Data block.
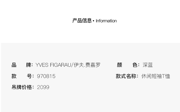 YvesFigarau伊夫·费嘉罗新款休闲短袖T恤970815
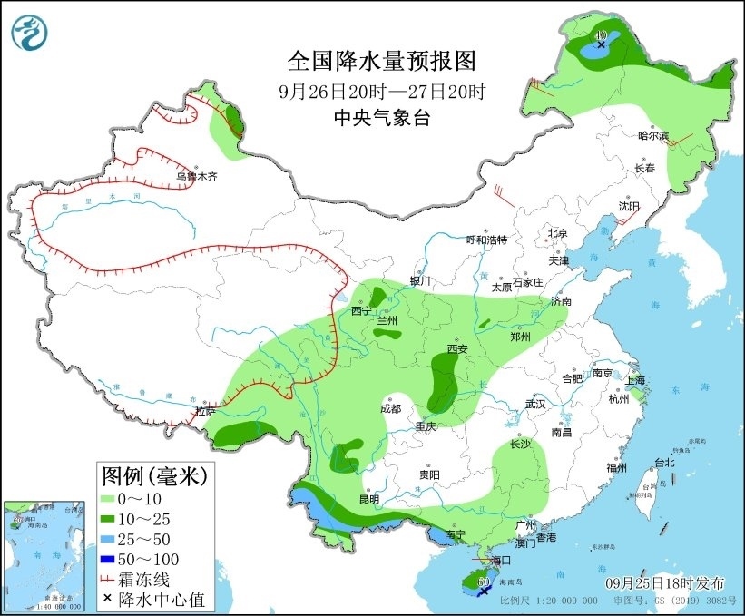 9月25日20時(shí)至26日20時(shí),廣東西南部、廣西南部、海南島以及新疆北疆北部、西藏東南部、陜西南部等地部分地區(qū)有中到大雨,其中,海南島東部和南部等地部分地區(qū)有暴雨或大暴雨(100~180毫米)。另外,新疆阿勒泰山區(qū)有雨夾雪或雪。內(nèi)蒙古中西部、山東半島等地部分地區(qū)有4~6級(jí)風(fēng)(見(jiàn)圖1)。
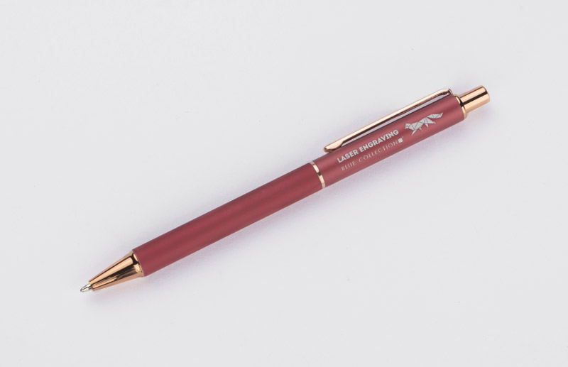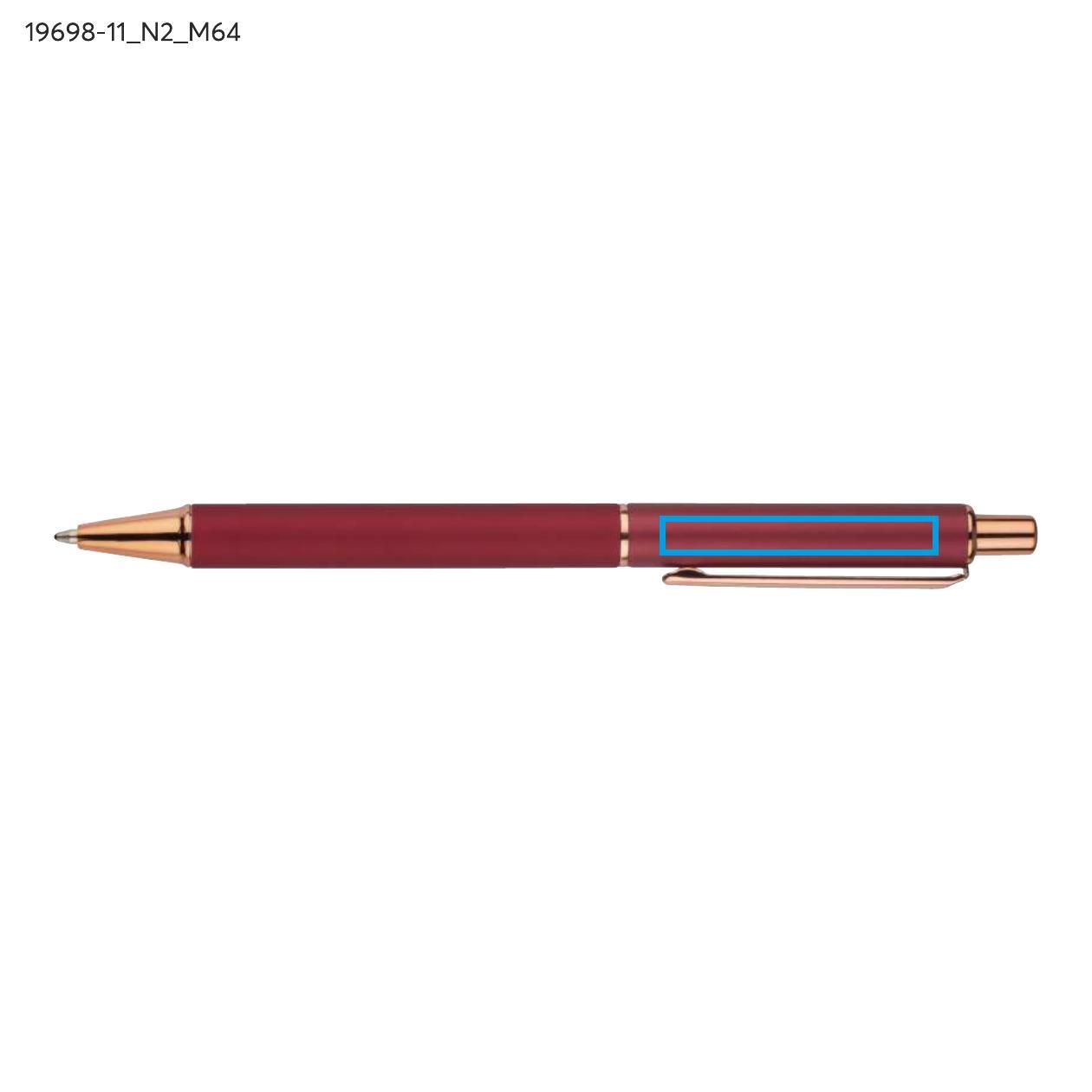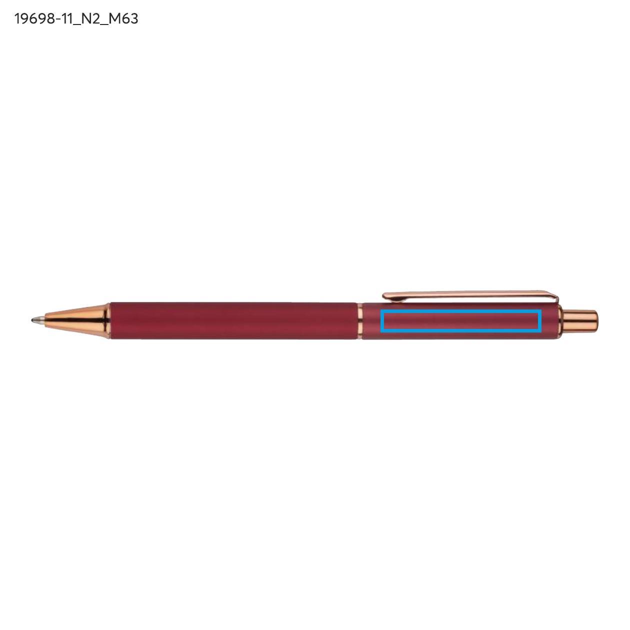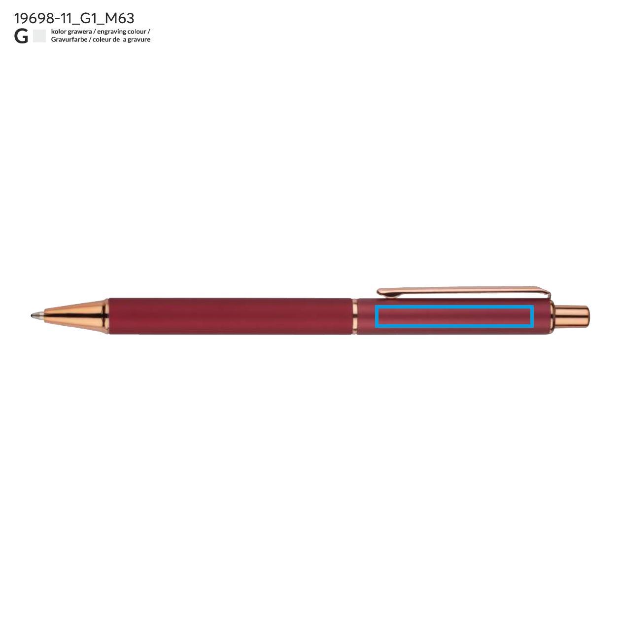 Matowy długopis z akcentami w kolorze różowego złota. Korpus oraz klips wykonane z metalu.
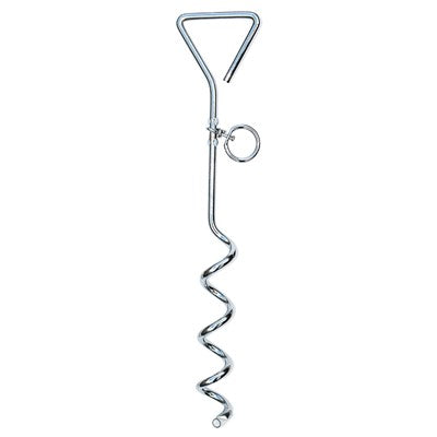 A high quality solid steel spiral screw. Easy to use and provides you with a secure staking point that you can tie your dog to whether you are out having a picnic or even in your own garden. Complete with attached, twistable oring that allows anything attached full 360 degree movement around the peg.

What you have to do. Give back the material above exactly as it appears, minus the pictures.

Answer space.
 YvesFigarau伊夫·费嘉罗新款休闲短袖T恤970815
 9月25日20時(shí)至26日20時(shí),廣東西南部、廣西南部、海南島以及新疆北疆北部、西藏東南部、陜西南部等地部分地區(qū)有中到大雨,其中,海南島東部和南部等地部分地區(qū)有暴雨或大暴雨(100~180毫米)。另外,新疆阿勒泰山區(qū)有雨夾雪或雪。內(nèi)蒙古中西部、山東半島等地部分地區(qū)有4~6級(jí)風(fēng)(見(jiàn)圖1)。
 Matowy długopis z akcentami w kolorze różowego złota. Korpus oraz klips wykonane z metalu.
 A high quality solid steel spiral screw. Easy to use and provides you with a secure staking point that you can tie your dog to whether you are out having a picnic or even in your own garden. Complete with attached, twistable oring that allows anything attached full 360 degree movement around the peg.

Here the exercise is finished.